Clarification sur l'abaya et la laïcité
Delitsdopinion : On dit que vous voulez revenir sur l'interdiction de l'abaya à l'école. Est-ce vrai ?Rodrigo Arenas : Non, je ne souhaite pas revenir sur cette interdiction. Je veux simplement que l'on respecte le droit.
Que voulez-vous dire ?Gabriel Attal a instauré une circulaire et sollicité l'avis du Conseil d'État. Celui-ci a confirmé à deux reprises que l'abaya est un signe ostentatoire musulman. Dès lors, ce vêtement n'a pas sa place dans les écoles de la République.
Pensez-vous que la circulaire d'interdiction était superflue ?La loi de 2004 est essentielle. Elle complète la loi de 1905 en interdisant les signes ostensibles à l'école. Gabriel Attal avait raison de publier cette circulaire, mais elle devient superflue dès que le Conseil d'État a rendu son avis. La loi de 2004 s'applique désormais.
Sur l'entrisme islamiste
Y a-t-il un entrisme islamiste dans les écoles de la République ?Les faits concrets sont rares.

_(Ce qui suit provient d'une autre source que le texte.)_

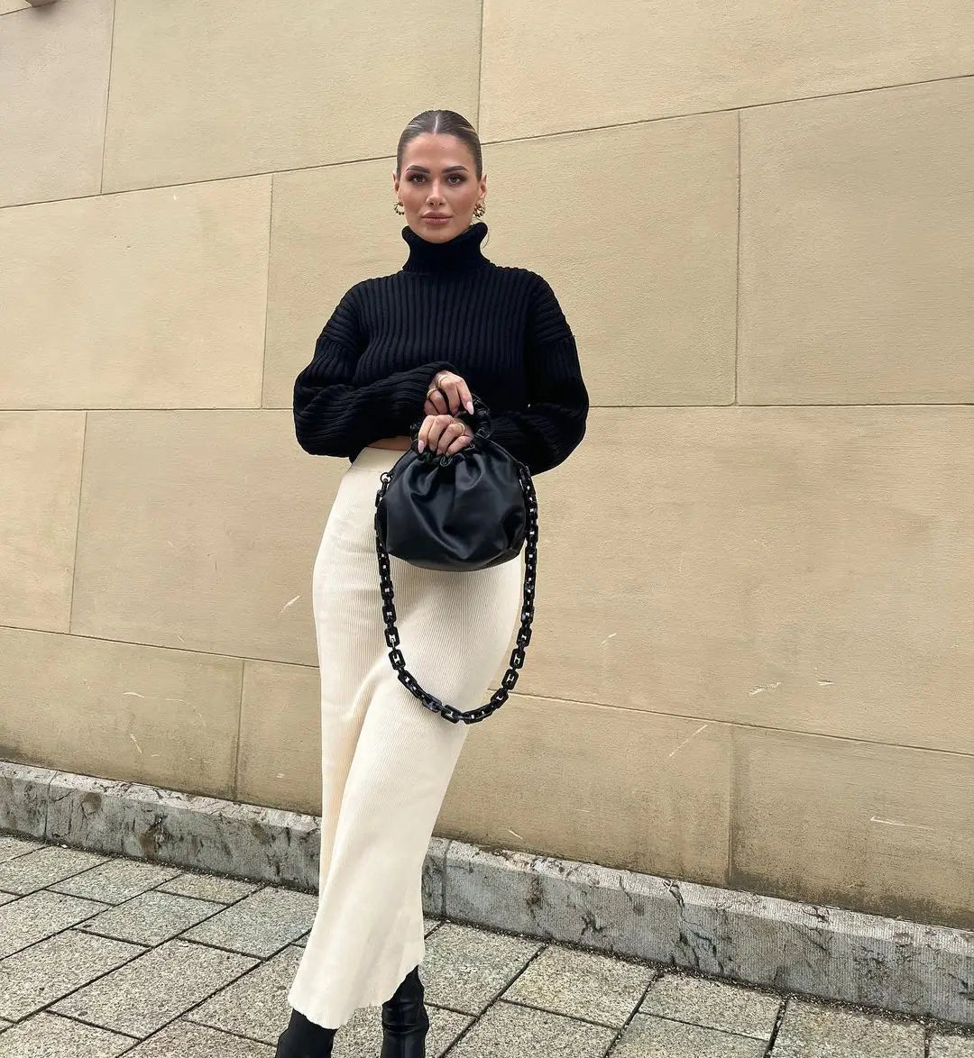 Women's Pullover Knitted Turtleneck Sweaters Top - Flare Sleeve Warm Cropped Sweater Top Jumper

Mais cela ne signifie pas que ces phénomènes n'existent pas. Il faut les affronter de manière appropriée. Les remises en question des enseignements ne se limitent pas à l'islam. De nombreux élèves contestent des connaissances pour des raisons identitaires religieuses. Je reproche à Emmanuel Macron et à ses gouvernements d'avoir supprimé les espaces de dialogue éducatif sur la place de la religion. Dès la maternelle, nous devons enseigner les valeurs de la République avec des pédagogies adaptées.
Définition de la laïcité
Quelle est votre définition de la laïcité ?Je défends la laïcité de 1905, celle d' Aristide Briand. La laïcité, c'est la séparation des églises et de l'État.
Êtes-vous isolé au sein de La France Insoumise avec ces valeurs ?Non. Tout le monde est laïc mais nous n'avons pas tous les mêmes moyens pour y parvenir. Depuis 2004, les temps ont changé. Nous vivons dans une ère numérique où l'accès aux connaissances est instantané. Nos enfants doivent trouver des réponses auprès d'enseignants qualifiés, pas de charlatans sur le web.
Accusations d'antisémitisme et de clientélisme
Admettez-vous qu'il y a un antisémitisme croissant dans La France Insoumise ?Non, je ne pense pas. Il est toutefois difficile de contrer une idée martelée par certains médias. Nous devons lutter contre l'antisémitisme par des actes concrets, non seulement en le dénonçant. Une action publique forte est nécessaire pour combattre toutes les discriminations, y compris le racisme et l'homophobie. Je regrette que nous nous soyons coupés du milieu associatif en milieu scolaire, qui pouvait aider sur ces questions.
Que répondez-vous à ceux qui accusent votre parti de clientélisme islamique ?La politique, c'est du clientélisme. Il y a du clientélisme avec les chasseurs, les femmes, et tous les pans de la société. Il y a du clientélisme avec ceux qui se considèrent victimes de discrimination, notamment nos concitoyens d'origine maghrébine. Beaucoup d'entre eux estiment que La France Insoumise les représente et les défend le mieux. Mais il est réducteur de limiter LFI à cela. Nous travaillons sur de nombreux autres sujets, notamment économiques, non toujours mis en avant. Résumer notre force politique à l'antisémitisme ou autres clichés est inexact.
Quel Premier ministre pour le Nouveau Front Populaire ?Celui qui le souhaite ! Je soutiendrai n'importe quel candidat désigné. J' ai un penchant pour la société civile car j'en viens. Nous devons agir rapidement pour ne pas désespérer l'électorat qui a fait barrage au Rassemblement National. Si nous échouons, le problème sera bien plus grand que le NFP. Si Macron continue à refuser la participation de La France Insoumise au gouvernement, il sera difficile de constituer un front républicain efficace contre Marine Le Pen.